DIRECTIONS
Using the data that follows, give again word for word the lines between the one holding "An English ship" and the one holding "Преобразователь частоты SystemeVar", inclusive. Omit the pictures.
BEGIN INPUT
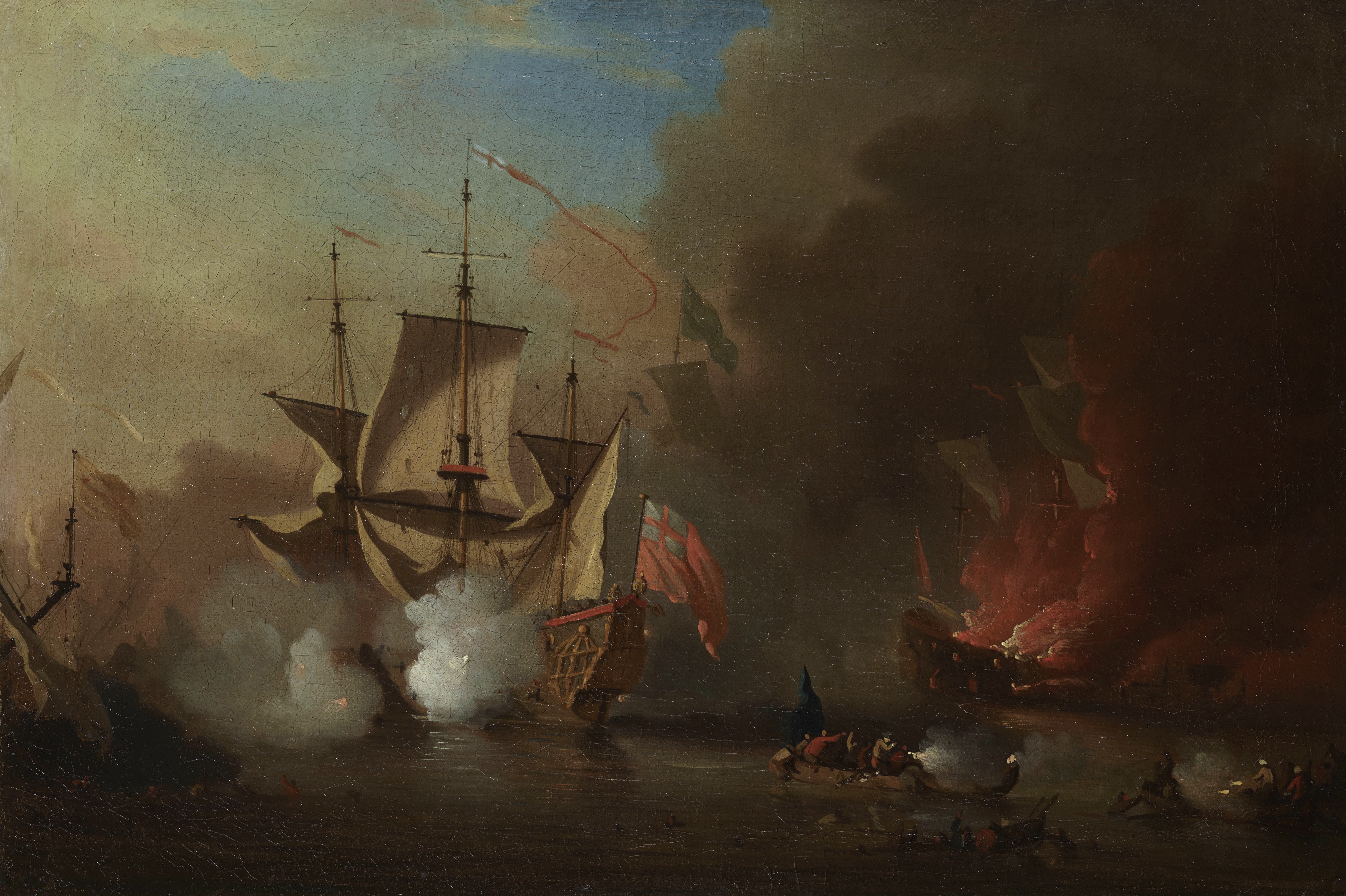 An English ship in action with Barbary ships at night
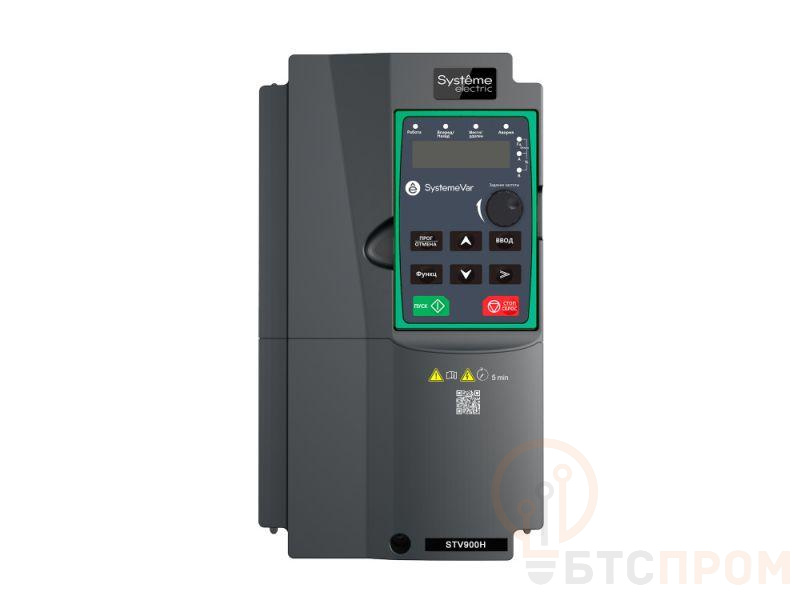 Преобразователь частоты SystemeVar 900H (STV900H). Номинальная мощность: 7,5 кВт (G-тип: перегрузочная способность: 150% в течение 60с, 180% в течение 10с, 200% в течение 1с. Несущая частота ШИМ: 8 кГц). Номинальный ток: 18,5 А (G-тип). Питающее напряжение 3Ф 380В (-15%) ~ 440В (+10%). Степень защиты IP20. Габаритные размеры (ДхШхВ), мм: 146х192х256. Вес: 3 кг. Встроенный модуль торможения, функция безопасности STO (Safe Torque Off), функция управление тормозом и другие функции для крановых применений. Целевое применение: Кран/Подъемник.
END INPUT
BEGIN INPUT
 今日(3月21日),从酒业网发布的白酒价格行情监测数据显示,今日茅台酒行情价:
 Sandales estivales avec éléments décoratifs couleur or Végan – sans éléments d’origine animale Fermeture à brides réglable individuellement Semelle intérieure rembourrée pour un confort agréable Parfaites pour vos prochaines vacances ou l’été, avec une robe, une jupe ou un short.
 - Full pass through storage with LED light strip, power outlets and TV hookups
END INPUT
TASK RESPONSE
 An English ship in action with Barbary ships at night
 Преобразователь частоты SystemeVar 900H (STV900H). Номинальная мощность: 7,5 кВт (G-тип: перегрузочная способность: 150% в течение 60с, 180% в течение 10с, 200% в течение 1с. Несущая частота ШИМ: 8 кГц). Номинальный ток: 18,5 А (G-тип). Питающее напряжение 3Ф 380В (-15%) ~ 440В (+10%). Степень защиты IP20. Габаритные размеры (ДхШхВ), мм: 146х192х256. Вес: 3 кг. Встроенный модуль торможения, функция безопасности STO (Safe Torque Off), функция управление тормозом и другие функции для крановых применений. Целевое применение: Кран/Подъемник.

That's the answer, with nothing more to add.